TASK INSTRUCTIONS
Only the lines below from the one that contains "Radiating charm and" through the one that contains "Yenilebilir Kağıtlı Çiçekli Pasta" should appear in your answer, exact and without pictures.

DATA EXCERPTS
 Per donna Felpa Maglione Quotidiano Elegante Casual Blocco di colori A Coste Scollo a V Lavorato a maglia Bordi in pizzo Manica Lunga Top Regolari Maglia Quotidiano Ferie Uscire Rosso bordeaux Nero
--
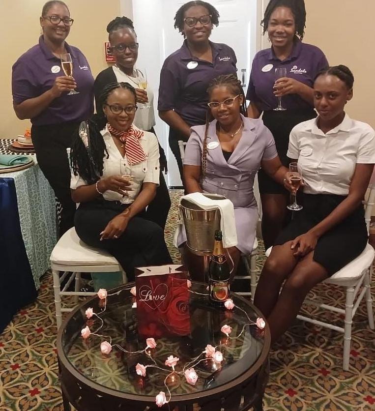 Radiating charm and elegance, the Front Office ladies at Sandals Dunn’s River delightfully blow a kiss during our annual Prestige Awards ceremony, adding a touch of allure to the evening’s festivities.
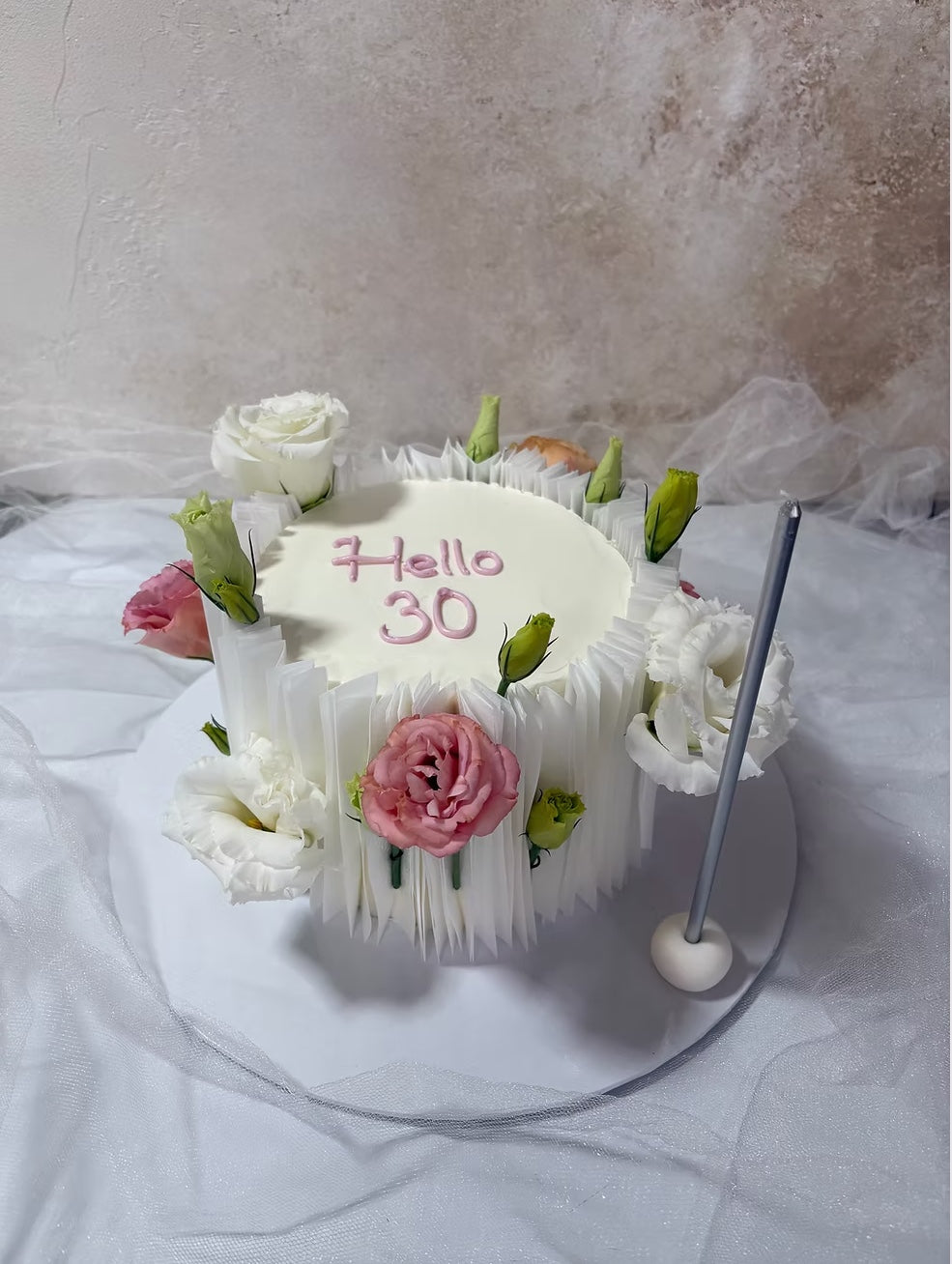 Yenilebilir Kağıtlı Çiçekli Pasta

TASK ANSWER
 Radiating charm and elegance, the Front Office ladies at Sandals Dunn’s River delightfully blow a kiss during our annual Prestige Awards ceremony, adding a touch of allure to the evening’s festivities.
 Yenilebilir Kağıtlı Çiçekli Pasta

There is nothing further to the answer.